Records for the exercise:
_ _ _ _
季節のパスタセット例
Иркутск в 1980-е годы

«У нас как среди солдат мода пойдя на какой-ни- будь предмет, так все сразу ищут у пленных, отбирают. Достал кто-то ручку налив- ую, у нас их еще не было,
_ _ _ _
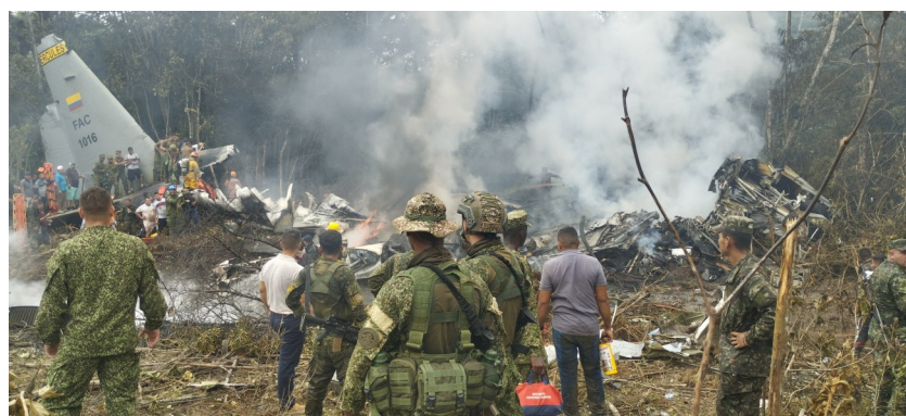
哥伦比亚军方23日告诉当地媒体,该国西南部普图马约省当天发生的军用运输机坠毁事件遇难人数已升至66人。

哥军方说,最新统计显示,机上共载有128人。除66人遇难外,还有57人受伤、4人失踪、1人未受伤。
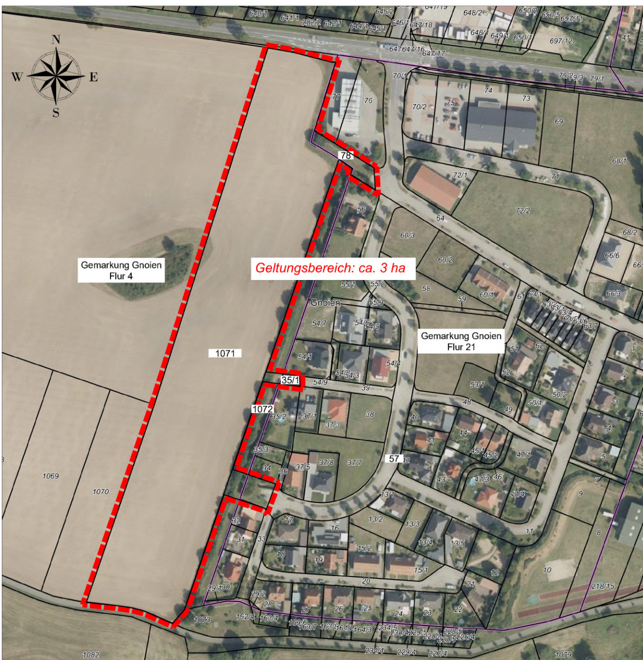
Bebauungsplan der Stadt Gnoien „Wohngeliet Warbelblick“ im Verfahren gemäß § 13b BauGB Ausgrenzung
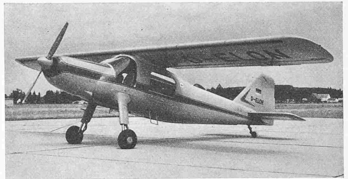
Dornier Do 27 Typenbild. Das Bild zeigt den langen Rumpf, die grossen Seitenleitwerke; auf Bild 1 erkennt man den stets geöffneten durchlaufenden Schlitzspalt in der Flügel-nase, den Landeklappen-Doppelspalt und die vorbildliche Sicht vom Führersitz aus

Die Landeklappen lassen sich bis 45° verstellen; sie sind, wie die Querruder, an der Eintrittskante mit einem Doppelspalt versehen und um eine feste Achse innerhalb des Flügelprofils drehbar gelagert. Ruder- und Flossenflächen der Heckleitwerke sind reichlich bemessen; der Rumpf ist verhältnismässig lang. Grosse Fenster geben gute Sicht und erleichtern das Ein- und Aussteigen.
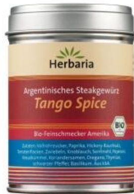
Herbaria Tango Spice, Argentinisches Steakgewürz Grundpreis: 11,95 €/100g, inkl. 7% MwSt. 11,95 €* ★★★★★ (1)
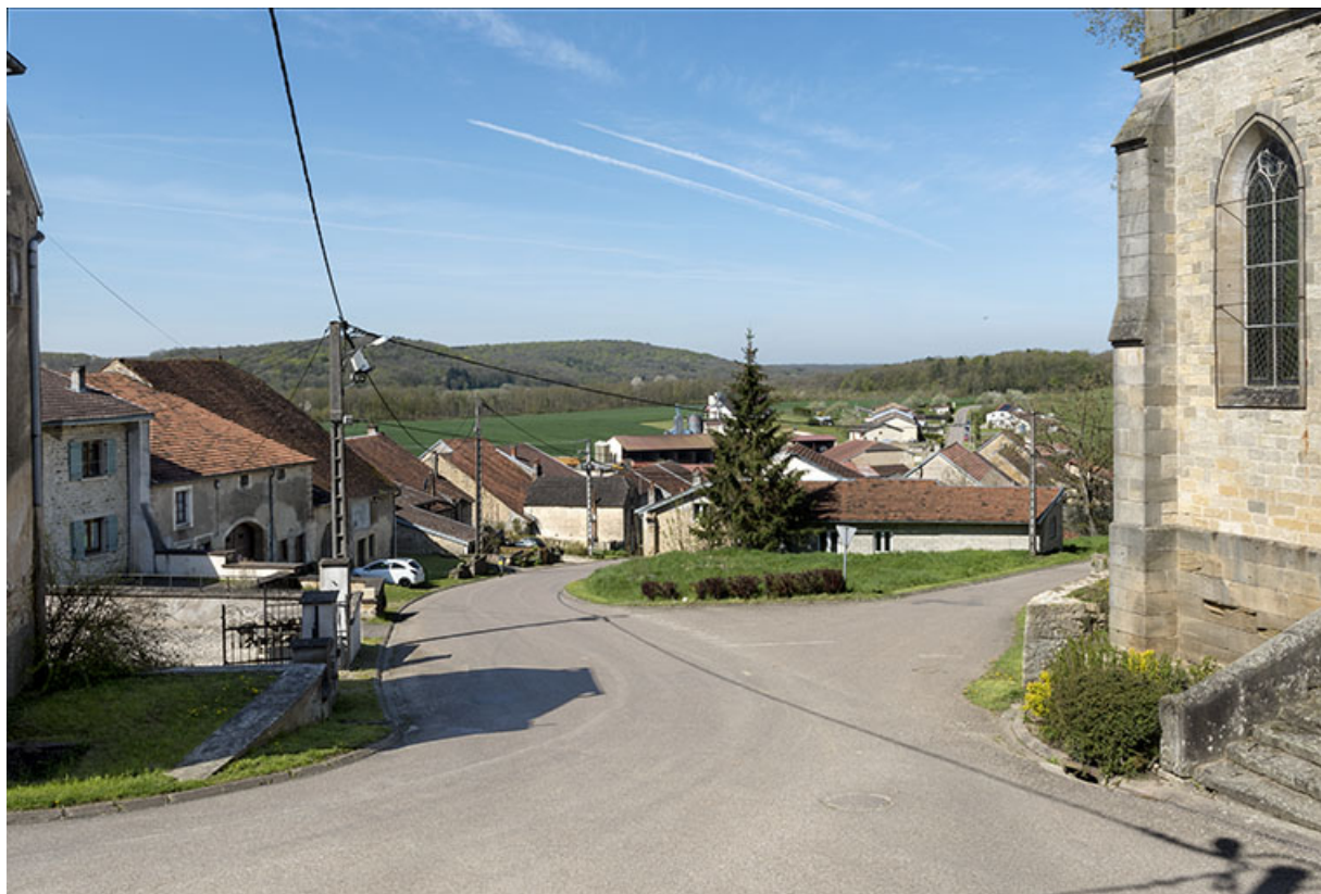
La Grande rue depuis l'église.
_ _ _ _
Exercise:
Give again the stretch of the entries above that begins at the line with "Die Landeklappen lassen" and ends at the line with "La Grande rue depuis l'église.", word for word, with no pictures.

Expected output:
Die Landeklappen lassen sich bis 45° verstellen; sie sind, wie die Querruder, an der Eintrittskante mit einem Doppelspalt versehen und um eine feste Achse innerhalb des Flügelprofils drehbar gelagert. Ruder- und Flossenflächen der Heckleitwerke sind reichlich bemessen; der Rumpf ist verhältnismässig lang. Grosse Fenster geben gute Sicht und erleichtern das Ein- und Aussteigen.
Herbaria Tango Spice, Argentinisches Steakgewürz Grundpreis: 11,95 €/100g, inkl. 7% MwSt. 11,95 €* ★★★★★ (1)
La Grande rue depuis l'église.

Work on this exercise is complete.